**WHAT TO DO**: Starting with the line that holds "This slide showcases" and stopping after the line that holds "Ärmelloses HUGO Damen-Kleid", repeat the lines below word for word, without the pictures.

**DATA UNDER STUDY**:
============

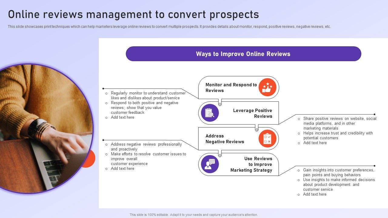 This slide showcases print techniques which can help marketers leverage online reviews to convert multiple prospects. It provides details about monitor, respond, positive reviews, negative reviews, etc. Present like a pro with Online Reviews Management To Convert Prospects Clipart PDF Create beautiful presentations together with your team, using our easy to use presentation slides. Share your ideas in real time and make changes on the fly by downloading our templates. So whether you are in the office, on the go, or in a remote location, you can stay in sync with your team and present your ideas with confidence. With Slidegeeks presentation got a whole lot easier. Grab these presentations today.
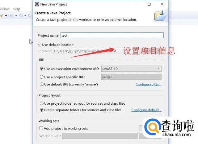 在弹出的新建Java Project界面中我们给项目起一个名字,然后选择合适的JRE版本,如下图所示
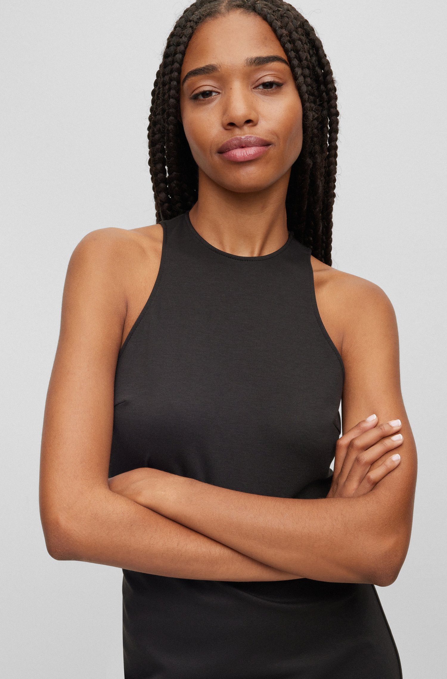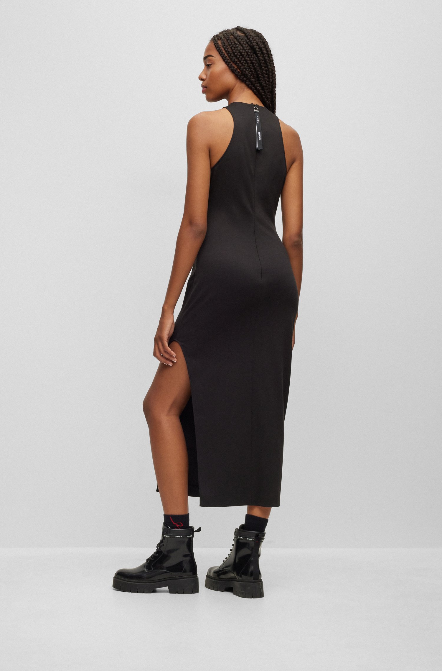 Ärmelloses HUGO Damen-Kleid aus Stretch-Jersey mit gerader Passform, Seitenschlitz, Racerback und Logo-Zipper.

============

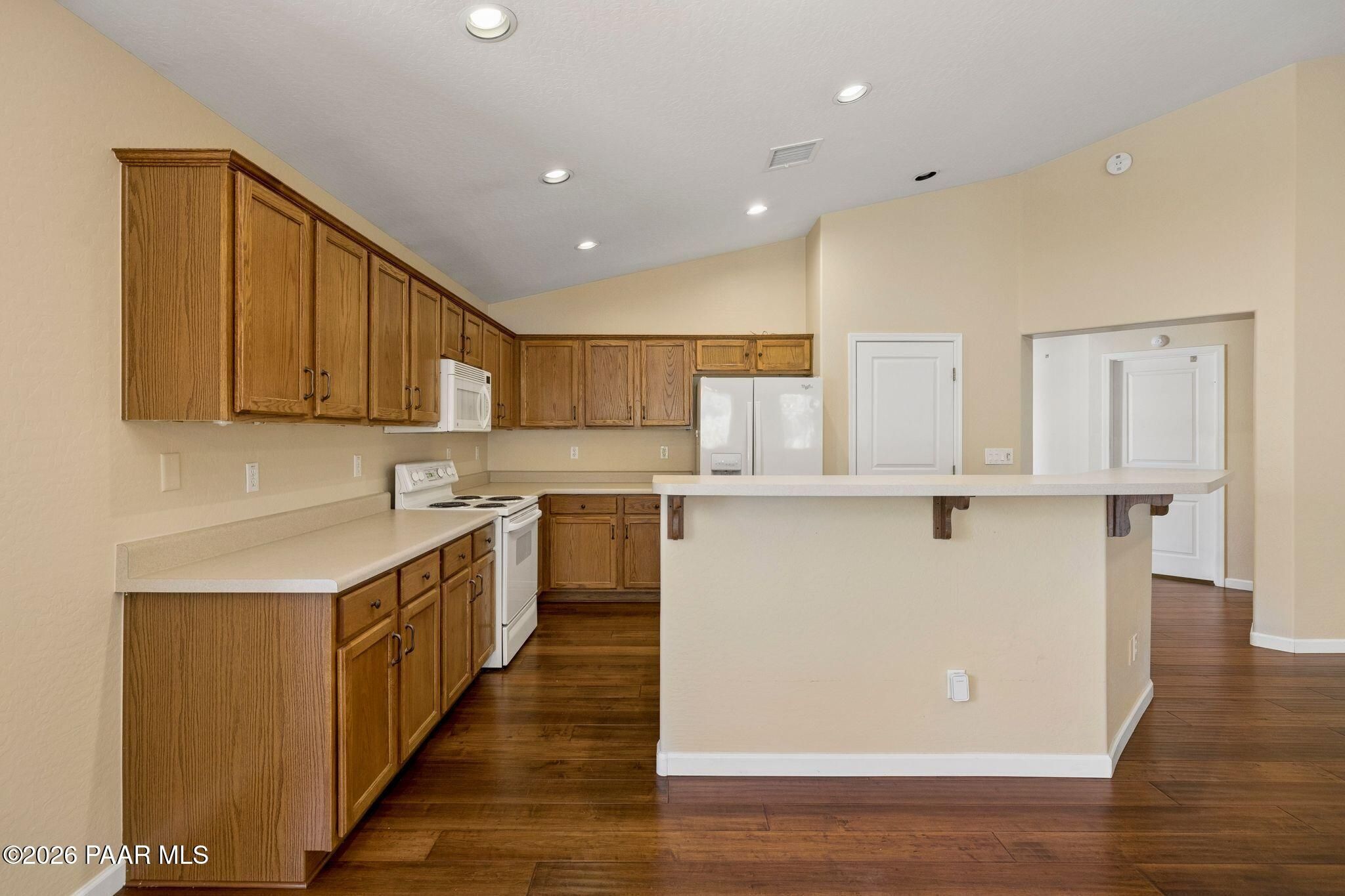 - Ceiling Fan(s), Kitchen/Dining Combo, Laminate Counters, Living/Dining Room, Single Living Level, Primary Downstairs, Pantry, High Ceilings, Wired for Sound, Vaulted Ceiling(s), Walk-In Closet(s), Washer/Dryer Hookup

============

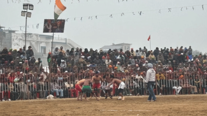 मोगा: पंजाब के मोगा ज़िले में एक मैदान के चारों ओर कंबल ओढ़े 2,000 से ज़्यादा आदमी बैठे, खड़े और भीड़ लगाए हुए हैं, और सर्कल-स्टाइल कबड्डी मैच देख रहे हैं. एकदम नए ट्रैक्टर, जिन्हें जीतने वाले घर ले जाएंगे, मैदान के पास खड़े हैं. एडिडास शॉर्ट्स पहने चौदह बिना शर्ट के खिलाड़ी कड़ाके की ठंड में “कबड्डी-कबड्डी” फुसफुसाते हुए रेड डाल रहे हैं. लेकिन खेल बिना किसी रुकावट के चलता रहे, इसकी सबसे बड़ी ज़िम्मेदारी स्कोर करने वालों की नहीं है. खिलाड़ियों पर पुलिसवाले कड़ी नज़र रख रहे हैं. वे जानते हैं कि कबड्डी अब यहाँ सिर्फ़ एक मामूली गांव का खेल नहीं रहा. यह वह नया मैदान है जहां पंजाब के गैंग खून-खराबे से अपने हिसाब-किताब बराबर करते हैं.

============

**EXERCISE RESULT**:
 This slide showcases print techniques which can help marketers leverage online reviews to convert multiple prospects. It provides details about monitor, respond, positive reviews, negative reviews, etc. Present like a pro with Online Reviews Management To Convert Prospects Clipart PDF Create beautiful presentations together with your team, using our easy to use presentation slides. Share your ideas in real time and make changes on the fly by downloading our templates. So whether you are in the office, on the go, or in a remote location, you can stay in sync with your team and present your ideas with confidence. With Slidegeeks presentation got a whole lot easier. Grab these presentations today.
 在弹出的新建Java Project界面中我们给项目起一个名字,然后选择合适的JRE版本,如下图所示
 Ärmelloses HUGO Damen-Kleid aus Stretch-Jersey mit gerader Passform, Seitenschlitz, Racerback und Logo-Zipper.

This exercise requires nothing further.